H2 : Oui. Je suis comédien.
F : Ce n’est pas ce que j’attends de toi.
H2 : Je ne comprends pas.
F : Olga va recueillir les témoignages des déportés immédiatement après la guerre. Ces témoignages ont donc leur place dans ce film mais je ne veux pas que tu joues le déporté qui témoigne. On doit assumer le fait de montrer un comédien qui dit un témoignage. Ça raconte autre chose.
H2 : Quoi au juste ?
F : Cela montre qu’aujourd’hui, et cela sera définitif dans les années à venir quand les derniers survivants seront morts, nous n’avons plus un accès direct à la parole de ceux qui ont vécu les camps. Nous sommes inscrits dans une époque où il nous reste les mots sans la source vive qui les portent. La distance qui s’installe est inévitable. L’émotion ne peut pas être reconstituée. Elle peut naître ou non chez le spectateur. Mais ce qui est certain, c’est que nous n’avons pas à la lui extirper par des procédés cinématographiques. Je te garantis que je peux te faire pleurer en lisant un mode d’emploi juste à cause de la bande-son que je mets par-dessus. Pour moi, c’est de la manipulation.

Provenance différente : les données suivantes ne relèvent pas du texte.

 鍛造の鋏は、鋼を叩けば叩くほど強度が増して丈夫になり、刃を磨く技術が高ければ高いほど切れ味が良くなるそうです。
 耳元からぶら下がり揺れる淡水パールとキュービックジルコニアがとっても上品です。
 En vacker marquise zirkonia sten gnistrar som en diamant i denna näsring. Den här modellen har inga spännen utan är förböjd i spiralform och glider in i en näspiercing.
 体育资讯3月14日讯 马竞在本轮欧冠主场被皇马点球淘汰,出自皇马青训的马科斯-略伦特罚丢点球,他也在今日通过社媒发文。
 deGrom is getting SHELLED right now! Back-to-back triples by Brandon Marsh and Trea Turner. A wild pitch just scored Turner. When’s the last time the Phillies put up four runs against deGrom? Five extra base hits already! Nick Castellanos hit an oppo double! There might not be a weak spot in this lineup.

H2 : J’aimerais juste dire, si tu permets, que moi, au départ, j’ai été engagé pour jouer un déporté et tout à coup le projet change et il faut que je joue un comédien. Ce n’est pas un problème. C’est autre chose, c’est un autre film. Alors il faut m’expliquer ce que tu veux. J’ai besoin de me préparer mentalement. Le sujet est trop lourd pour que je puisse arriver comme ça et me mettre à jouer.

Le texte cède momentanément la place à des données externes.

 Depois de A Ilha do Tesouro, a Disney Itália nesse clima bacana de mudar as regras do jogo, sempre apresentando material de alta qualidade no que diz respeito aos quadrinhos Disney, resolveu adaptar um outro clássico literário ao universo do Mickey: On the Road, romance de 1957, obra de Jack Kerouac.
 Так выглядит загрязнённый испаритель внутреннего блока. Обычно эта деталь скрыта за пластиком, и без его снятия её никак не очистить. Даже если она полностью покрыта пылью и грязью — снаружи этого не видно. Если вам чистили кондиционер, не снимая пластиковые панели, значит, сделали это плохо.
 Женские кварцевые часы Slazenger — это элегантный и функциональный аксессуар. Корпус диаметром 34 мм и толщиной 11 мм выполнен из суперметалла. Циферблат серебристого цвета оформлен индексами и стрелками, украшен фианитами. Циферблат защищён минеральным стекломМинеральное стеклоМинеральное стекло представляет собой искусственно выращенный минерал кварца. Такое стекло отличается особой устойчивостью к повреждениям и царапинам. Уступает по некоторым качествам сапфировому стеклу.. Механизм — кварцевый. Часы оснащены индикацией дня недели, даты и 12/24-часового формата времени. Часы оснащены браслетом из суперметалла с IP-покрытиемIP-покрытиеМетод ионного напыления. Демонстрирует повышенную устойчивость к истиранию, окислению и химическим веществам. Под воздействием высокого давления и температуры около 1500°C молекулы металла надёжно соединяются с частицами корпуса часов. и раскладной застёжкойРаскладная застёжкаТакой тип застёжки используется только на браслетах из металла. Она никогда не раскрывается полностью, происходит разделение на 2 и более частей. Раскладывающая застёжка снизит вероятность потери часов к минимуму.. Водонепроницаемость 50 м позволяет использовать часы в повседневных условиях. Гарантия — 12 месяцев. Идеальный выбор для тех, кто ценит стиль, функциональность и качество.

F : Justement, je ne veux pas que tu te prépares mentalement. Je ne veux pas que tu te mettes dans un état, que tu puises dans ta souffrance personnelle. C’est très technique, ce que je te demande. Cela peut paraître dérisoire mais je t’assure que la distance que tu vas mettre dans ta parole ouvre une autre dimension. J’aimerais que tu cherches la simplicité. Certains témoignages dans le film de Lanzmann sont touchants. Non pas parce qu’on lit la souffrance sur les visages mais parce qu’on voit que tout cela était devenu normal, que les enfants qui ont grandi avec la guerre pensent que c’est l’état normal des choses. Nous devons travailler à rendre compte de l’étrangeté de cette parole. Dans ton interprétation, je n’attends pas que tu rendes la souffrance mais que tu montres ta propre surprise devant ce que tu dis. On reprend les dernières phrases. Par exemple tu dis : « Si je survis je veux juste une chose. Du pain. » Tu n’as pas besoin d’appuyer le mot « pain » comme si tu en manquais réellement. Si tu laisses un temps avant et que tu dis le mot en creux alors on comprend en quoi la pensée de ce garçon est incroyable. On perçoit que sa condition a transformé sa compréhension du monde et que cette compréhension est si différente de la nôtre qu’il y a un abîme entre les deux et que la seule chose, qu’on puisse faire, c’est tendre le bras au-dessus du vide. « Et je rêvais aussi que si je survivais je serai le seul sur terre. Il ne resterait plus personne. Juste moi. Le seul survivant sur cette terre. »
H2 : Je crois que je comprends. On la refait ?
F : On fait une pause. On reprend cette scène dans une heure.